Но дело было не в любовнице и не в проигрыше накануне вечером в казино на Монмартре. Быть может, его беспокоит отрыжка после пьяных кутежей в ресторане Лемарделе и боль в печени? «Нельзя есть столько жирных паштетов»,— думал Бернштейн. Когда он одевался, его всегда охватывало философское настроение.

Что такое жизнь для немца, рожденного в Гамбурге, лучшем из городов, скитавшегося по Австрии и заброшенного судьбой в Париж? Жизнь — это сложное предприятие, которое может в любой момент обанкротиться. Главное, как во всяком торговом деле, уметь подавать себя в наивыгоднейшем виде. Это тоже реклама. Она во всем движет выгоду и успех.

Но вдруг Бернштейн нахмурился. Неужели одной рекламы мало? Что еще такое придумать? Трудно жить в XIX веке. На пути дельца столько волчьих ям, что, глядишь, и провалишься.

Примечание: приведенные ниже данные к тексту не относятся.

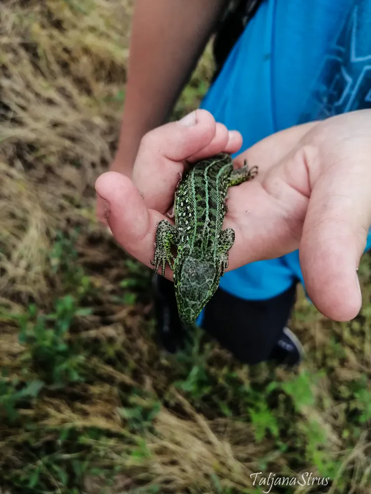 Среди маков юркает множество прытких ящериц. Одну из них нам поймал один из жителей города. Ящерица не пострадала.

Реклама была до сих пор единственным могущественным божеством, которому верил Генрих. Он говорил каждому деловому, а это, по его мнению, означало — богатому человеку, которого встречал в кафе, в конторе, в театре:

— Вы сомневаетесь в силе газетной рекламы? Ручаюсь, что с ее помощью я могу сделать знаменитым скрипача, выгнанного из консерватории за бездарность, безголосую певицу, любого поэта, которого никто не читает. Мне все равно, француз это или немец. Если бы господин Анри Бейль обратился ко мне в свое время, его скучнейшие книги покупали бы нарасхват. Я знаю душу человека. На чем основана власть королей, князей, Гизо и Меттерниха? На рекламе! Это рычаг, который управляет в наше время всей торговлей и искусством, всяким продвижением. Без рекламы нет признания.

Генрих Бернштейн любил повторять вычитанные где-то слова римского цезаря Веспасиана, обложившего налогами общественные уборные и свалки, что «деньги не пахнут». Он добывал их, не гнушаясь никакими махинациями.

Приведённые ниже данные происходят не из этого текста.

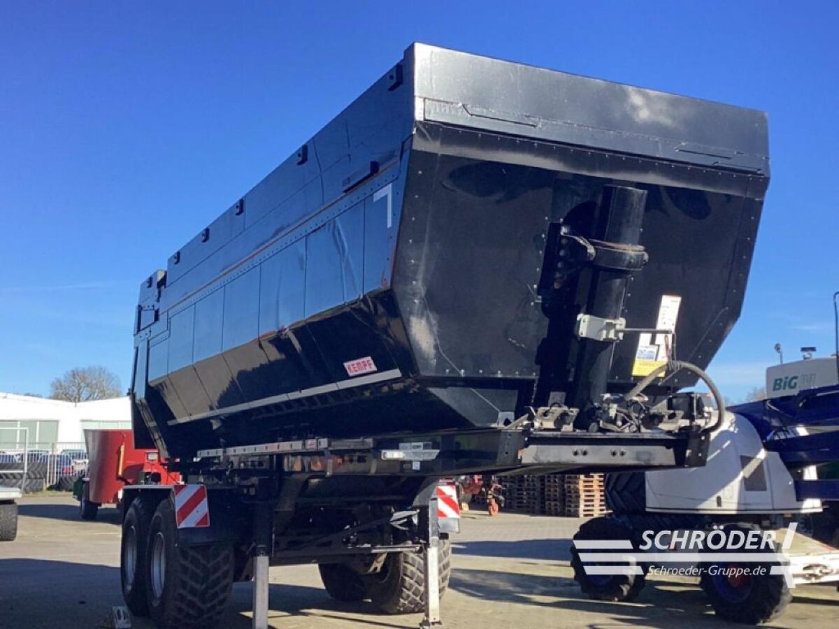 Stahl-Halbrundmulde,, in isolierter Ausführung, Gewichte: Zul. Gesamtgewicht 32.000 kg, Achslast 2x 9.000 kg, Sattellast ca. 14.000 kg, Abmessungen, Ladelänge ca. 7.200 mm, Ladebreite ca. 2.350 mm, Muldenhöhe ca. 1.600 mm, Muldeninhalt ca. 24,6 m³, Durchschwenkradius ca. 2.400 mm, Lackierung / Plane, Fahrgestell : tiefschwarz, RAL 9005, Achsen : schwarz (KTL-Beschichtung), Radnaben : schwarz (KTL-Beschichtung, Mulde : Tiefschwarz, RAL 9005, Plane: schwarz (905) ähnlich RAL 9005, Rahmen:, in bewährter KEMPF-Schweißkonstruktion unter Verwendung hochwertiger Feinkornstähle, sandgestrahlt, hergestellt. Fahrgestell in Kastenbauweise. Alle Anbauteile in feuerverzinkter Ausführung., Achsaggregat:, SAF-Achsaggregat Typ INTRADISC plus Integral in Off-Road - Ausführung, mit Scheibenbremsen,, Scheibendurchmesser ca. 430 mm (große Scheibe), mit leichtem Bremssattel, lange Radbolzen, ET 120., Fahrwerk laservermessen (Spur und Sturz werden vermessen um den Reifenverschleiß und den, Kraftstoffverbrauch zu minimieren)., Luftfederbälge:, Luftfederaggregat mit großen Luftfederbälgen 350 mm., Liftachse:, ohne., Scheibenräder:, 11.75 x 22.5, ALCOA - Alu-Räder, Dura-Bright, EVO, ET 120, Bohrung 26 mm., Bereifung:, 385/65 R 22.5,, Federung:, mit Hub- und Senkeinrichtung (ein Drehschieberventil). Mit Schnellentlüftung, Federung:, Mit abnehmbaren Belademanometer, vorne links über dem Fahrgestellrahmen angebracht., Bremsanlage:, Mit elektronischem Bremssystem (EBS), Fabrikat Knorr, mit Feststellbremse über Federspeicherzylinder, RSP-Programmierung (Roll-Stability-Program). ABS in 4-Kanal-Ausführung (4S/2M), mit, Stopplichtversorgung (ABS-Notfunktion)., Luftbehälter:, in Alu-Ausführung., Königszapfen:, 2", mit einem Aufnahmeteller, Abstützung:, mit 2 Stück Alu-Fallstützen in Eigenbauweise (nur zum Leerabsatteln!)., Kippvorrichtung:, Hydraulischer Front-Kippzylinder (Fabrikat Penta), komplett hartverchromt. Betriebsdruck von 190 bar, 250 bar, in 4-Punkt-Aufhängung, inklusive sämtlichen Leitungen und Verschraubungen,, Einkreis-Hydraulikanlage, Kippwinkel:, ca. 51 Grad., Hydraulik-Anschluss:, Verschlusskupplung Fabrikat Edbro 1" in geschraubter Ausführung ohne Abreißsicherung., Lichtanlage:, Komplette Lichtanlage (entspricht ADR - Standard) nach EG-Richtlinien in 24-Volt-Ausführung, mit, Verteilerdose, separate LED-Kennzeichenbeleuchtung (links und rechts), Begrenzungsleuchten (LED) lin, und rechts am Fahrgestellende, mit seitlichen Markierungsleuchten (LED) und vorderen Positionsleucht, (LED), mit 2-fach runden Dreikammerleuchten (Hybrid-Ausführung), im Lampenhalter montiert (geschützt, eingebaut), zusätzlich werden 2 Stück runde Dreikammerleuchten (ebenfalls Hybrid-Ausführung) lose, mitgeliefert. Mit separaten Dreieck-Rückstrahler unter dem Lampenhalter sowie separater Nebelschlußl, (LED). Zusätzlich mit 2 Stück separaten LED-Rückfahrscheinwerfern., Arbeitsscheinwerfer:, 2 Stück in LED-Ausführung, 1x links, 1x rechts seitlich am Fahrgestell im Bereich der Stützen angebr, den Rückwärtsgang geklemmt, zusätzlich mit Schalter dazwischen., Laderaumbeleuchtung:, innen an der Stirnwand angebracht (in LED Ausführung), per Schalter von außen an der Stirnwand

Политикой он интересовался, поскольку можно было извлечь прибыль. Все зависело от нюха и ориентировки. Политика — та же игра, азарт. Бернштейн никогда не пропускал бегов и то выигрывал, то проигрывал на тотализаторе.

Вцепившись однажды в вышитый золотом жилет короля лионских мануфактур Броше, Генрих решил убедить его дать денег на издание газеты.

— Я узнал, что дамы во всем миро охладели к лионскому бархату! Безумные! Им надоели также кружевные мантильи. Дайте мне денег, и я верну вам их всех, где бы они ни находились — в ледяном Санкт-Петербурге или знойном Мадриде. Реклама — это величайшее внушение, гипноз более могущественный, чем у индийских йогов. Она создает моду и правит миром. Я в своих статьях уговорю самую уродливую из женщин, что лионские ткани превратят ее в фею, что шелка, шурша, тревожат мужской слух и воображение.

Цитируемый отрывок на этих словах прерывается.